1

I have N number of text files. I am trying to read from those files parallelly, so I have forked N threads and each thread gets one text file from those N files(Thread 0 gets file0.txt, thread 1 gets file1.txt, thread 2 gets file2.txt and so on ). The next step I am trying to do is read first 1000 lines from the files parallelly and put in a vector say V1, then I will sort V1. All the resources are private to each tread except V1. But after sorting I am getting different output every time. My code is given below.

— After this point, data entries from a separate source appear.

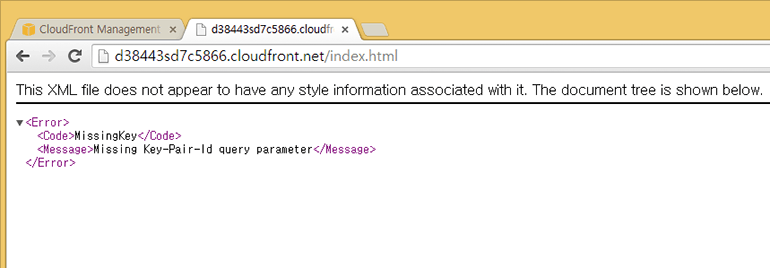 웹 브라우저에서 Signed URL을 설정한 CloudFront의 index.html 파일에 접속합니다. MissingKey라는 에러가 발생하면서 index.html 파일의 내용이 표시되지 않습니다. 이제 Signed URL에 맞는 파라미터들이 없으면 파일의 내용을 볼 수 없습니다.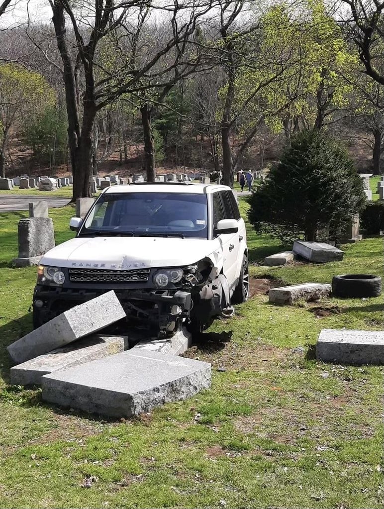 Upon arrival, police learned that the vehicle – an older model Range Rover – crashed into headstones at the cemetery. The driver, a 53-year-old Melrose woman with her learner’s permit, was practicing driving at the time of the crash, accompanied by a relative who is a licensed operator.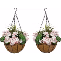 Lily Manor Pink Geraniums Coco Coir Hanging Baskets 52cm 20in Artificial Plant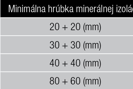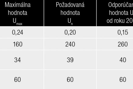 Tab. 1 Orientačné hrúbky izolácie na dosiahnutie jednotlivých úrovní hodnôt súčiniteľa prechodu tepla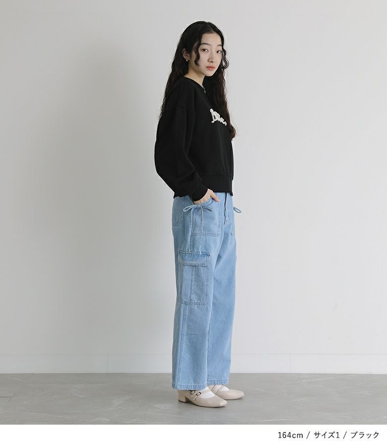 【普段着用】 Tops: L Bottoms: L | 【1】 袖丈:手の甲真ん中位 着丈:ヒップ上10cm位 腕周り:ゆったり バスト:ジャスト 全体:ジャスト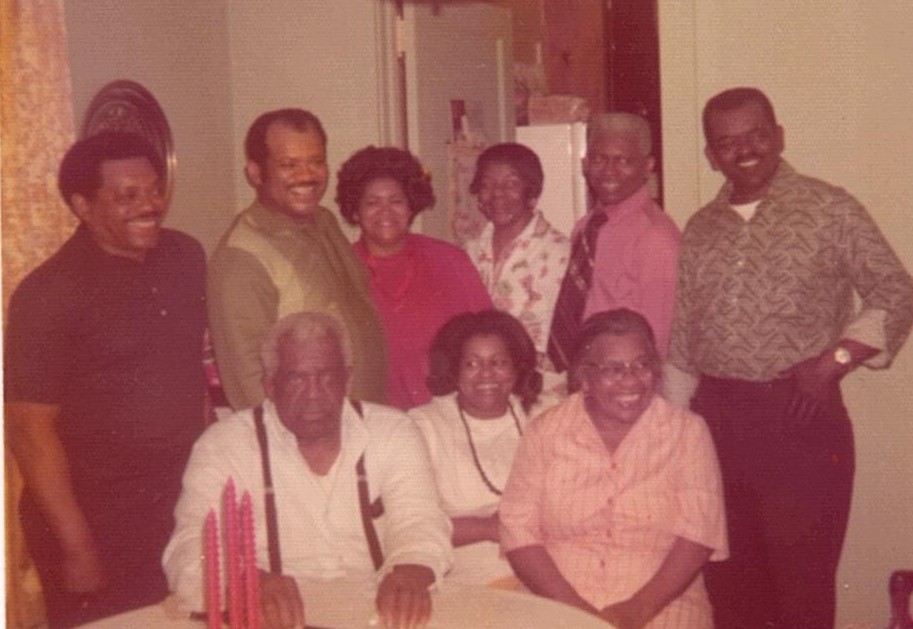 Black and white pencil sketch of a large family portrait.

The value of N is 395. Thanks in advance.

#include <stdio.h>
#include <sys/types.h>
#include <sys/stat.h>
#include <vector>
#include <iostream>
#include <stdlib.h>
#include <stdint.h>
#include <limits.h>
#include <algorithm>
#include <fstream>
#include <string.h>
#include <math.h>
#include <string.h>
#include <sys/stat.h>
#include <sys/io.h>
#include <sys/mman.h>
#include <bits/stdc++.h>
#include <ctype.h>      
#include <algorithm>
#include <omp.h>

typedef struct Data
{

    int  POS;
    char Record[600];
};

using namespace std;

std::vector<Data> sortDataOnDevice(std::vector<Data>,int);

struct comparator_sort
{
    __device__

    bool operator() (const Data &x, const Data& y)
    {
        return x.POS < y.POS;
    }
};

int sortedFilePos;

#pragma omp threadprivate (sortedFilePos)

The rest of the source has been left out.